▼

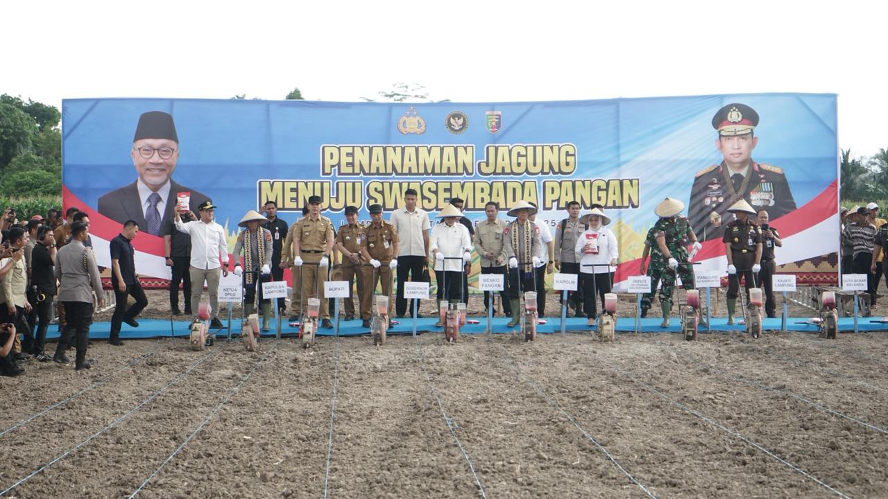 Wakapolri dan Kapolda Lampung Dampingi Menko Pangan Zulkifli Hasan Tanam Jagung di Lampung Selatan
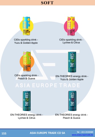www.asiaeuropetrade.bizTel : +32 4 2535989www.asiaeuropetrade.bizASIA EUROPE TRADE CO SASOFT155CiElosparklingdrink -Lychee & CitrusCiElosparklingdrink -Yuzu & Golden AppleCiElosparklingdrink -Peach& GuavaEN-THEORIES energydrink -Yuzu & Golden AppleEN-THEORIES energy drink -Lychee & CitrusEN-THEORIES energydrink -Peach& Guava
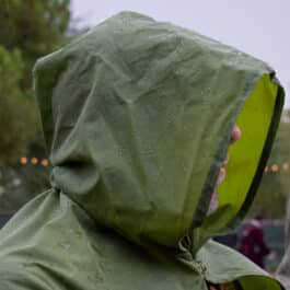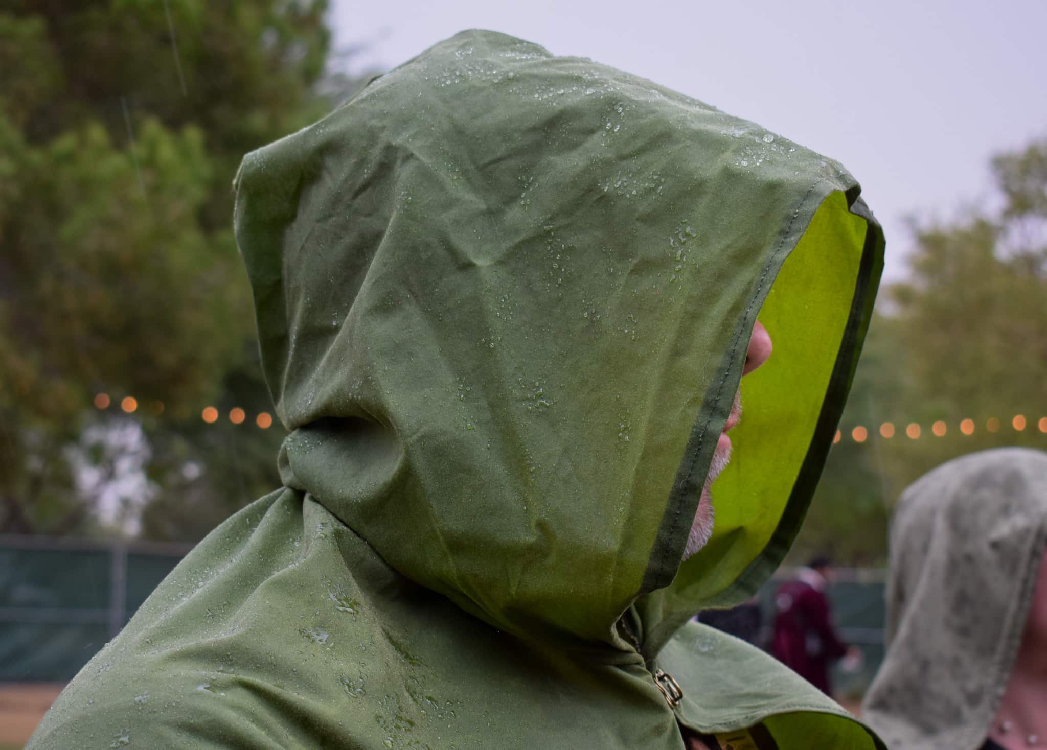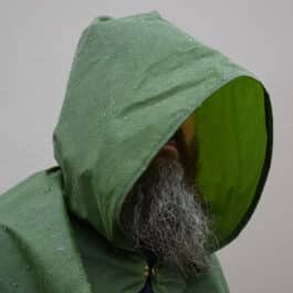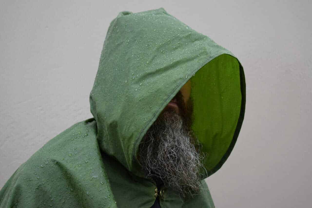 These are simple hooded cloaks made out of a lightweight waxed cotton duck canvas.
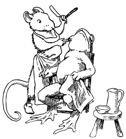This features a mouse shaving the face of a frog who is sitting in a chair. The mouse is holding a pair of scissors, skillfully cutting the frog's whiskers. In addition to the main scene, there are two other objects present: a pitcher and bowl placed on a small stool next to the frog, and another cup located further away from the main action. The illustration is in black and white, adding an artistic touch to the scene.

▲

◆ Exercise instructions
Return the data exactly. Pictures stay out.

◆ Result below
 Wakapolri dan Kapolda Lampung Dampingi Menko Pangan Zulkifli Hasan Tanam Jagung di Lampung Selatan
www.asiaeuropetrade.bizTel : +32 4 2535989www.asiaeuropetrade.bizASIA EUROPE TRADE CO SASOFT155CiElosparklingdrink -Lychee & CitrusCiElosparklingdrink -Yuzu & Golden AppleCiElosparklingdrink -Peach& GuavaEN-THEORIES energydrink -Yuzu & Golden AppleEN-THEORIES energy drink -Lychee & CitrusEN-THEORIES energydrink -Peach& Guava
 These are simple hooded cloaks made out of a lightweight waxed cotton duck canvas.
This features a mouse shaving the face of a frog who is sitting in a chair. The mouse is holding a pair of scissors, skillfully cutting the frog's whiskers. In addition to the main scene, there are two other objects present: a pitcher and bowl placed on a small stool next to the frog, and another cup located further away from the main action. The illustration is in black and white, adding an artistic touch to the scene.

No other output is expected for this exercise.